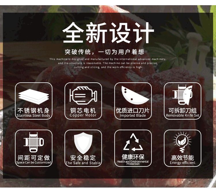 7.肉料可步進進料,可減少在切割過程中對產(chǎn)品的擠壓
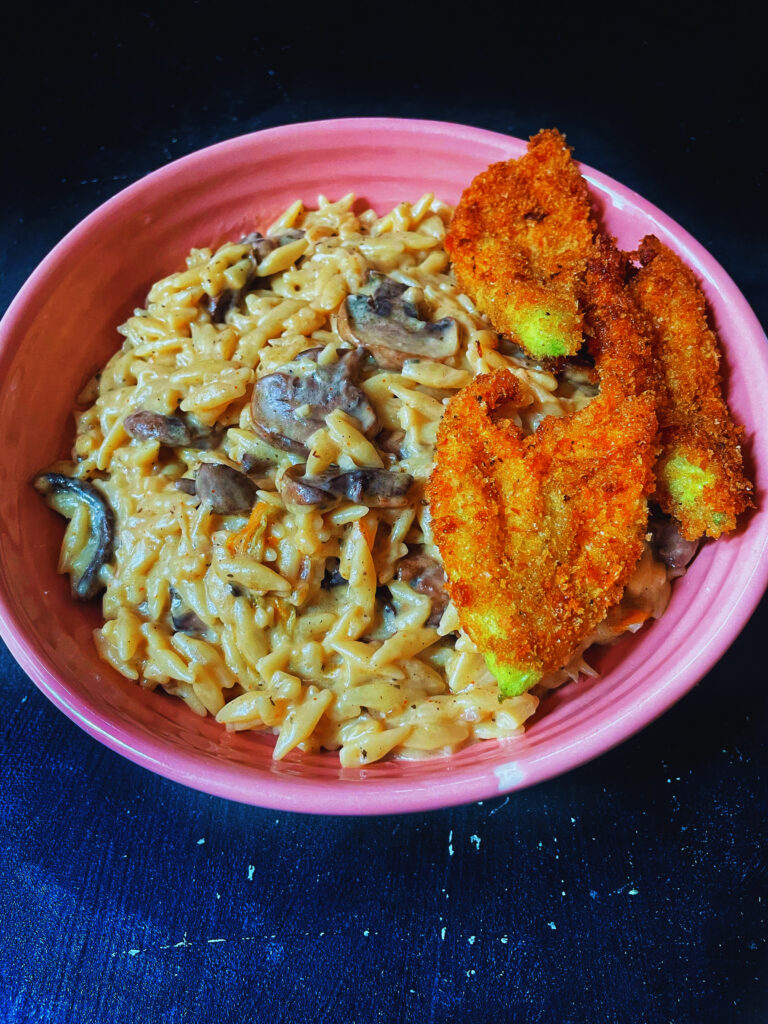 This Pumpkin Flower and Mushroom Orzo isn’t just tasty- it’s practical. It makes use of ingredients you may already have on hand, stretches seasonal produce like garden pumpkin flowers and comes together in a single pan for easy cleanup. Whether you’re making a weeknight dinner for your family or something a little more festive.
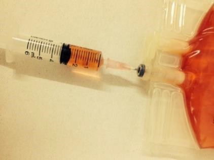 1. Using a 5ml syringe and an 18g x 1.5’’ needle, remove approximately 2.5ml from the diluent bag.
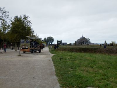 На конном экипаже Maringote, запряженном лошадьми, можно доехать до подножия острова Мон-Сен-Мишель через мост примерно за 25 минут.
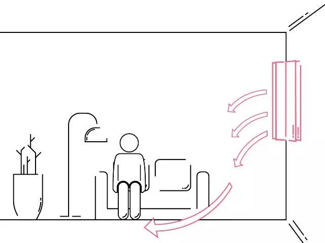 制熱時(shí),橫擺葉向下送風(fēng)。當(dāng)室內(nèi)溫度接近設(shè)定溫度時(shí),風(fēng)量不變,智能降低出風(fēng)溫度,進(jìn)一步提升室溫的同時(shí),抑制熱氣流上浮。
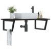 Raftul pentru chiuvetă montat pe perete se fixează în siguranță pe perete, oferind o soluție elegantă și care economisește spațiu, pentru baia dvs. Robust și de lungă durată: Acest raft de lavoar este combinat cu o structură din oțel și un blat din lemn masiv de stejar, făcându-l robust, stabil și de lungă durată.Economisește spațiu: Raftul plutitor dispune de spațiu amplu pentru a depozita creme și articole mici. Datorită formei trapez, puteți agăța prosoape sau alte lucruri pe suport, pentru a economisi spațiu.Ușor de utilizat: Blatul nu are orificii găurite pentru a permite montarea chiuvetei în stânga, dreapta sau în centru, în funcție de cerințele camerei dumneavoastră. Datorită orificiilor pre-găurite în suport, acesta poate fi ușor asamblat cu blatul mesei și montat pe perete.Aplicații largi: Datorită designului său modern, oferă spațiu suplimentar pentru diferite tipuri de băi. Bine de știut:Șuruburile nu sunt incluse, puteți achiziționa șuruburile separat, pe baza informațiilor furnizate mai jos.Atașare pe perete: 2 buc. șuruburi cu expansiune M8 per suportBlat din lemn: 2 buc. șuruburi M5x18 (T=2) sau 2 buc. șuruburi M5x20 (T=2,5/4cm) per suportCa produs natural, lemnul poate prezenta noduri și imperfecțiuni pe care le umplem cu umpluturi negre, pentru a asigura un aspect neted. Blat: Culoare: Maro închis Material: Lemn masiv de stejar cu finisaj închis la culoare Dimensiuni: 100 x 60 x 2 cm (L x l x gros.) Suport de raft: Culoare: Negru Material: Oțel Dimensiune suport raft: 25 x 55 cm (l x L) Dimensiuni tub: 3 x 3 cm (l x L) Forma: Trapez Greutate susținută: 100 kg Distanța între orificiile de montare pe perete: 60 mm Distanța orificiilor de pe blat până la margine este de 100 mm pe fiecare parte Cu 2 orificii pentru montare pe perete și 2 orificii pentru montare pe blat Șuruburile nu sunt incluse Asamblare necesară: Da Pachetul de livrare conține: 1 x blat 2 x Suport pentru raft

——

Print, exactly and with no pictures, the lines of the listing above starting at the one that has "На конном экипаже" and ending at the one that has "制熱時(shí),橫擺葉向下", both included.

 На конном экипаже Maringote, запряженном лошадьми, можно доехать до подножия острова Мон-Сен-Мишель через мост примерно за 25 минут.
 制熱時(shí),橫擺葉向下送風(fēng)。當(dāng)室內(nèi)溫度接近設(shè)定溫度時(shí),風(fēng)量不變,智能降低出風(fēng)溫度,進(jìn)一步提升室溫的同時(shí),抑制熱氣流上浮。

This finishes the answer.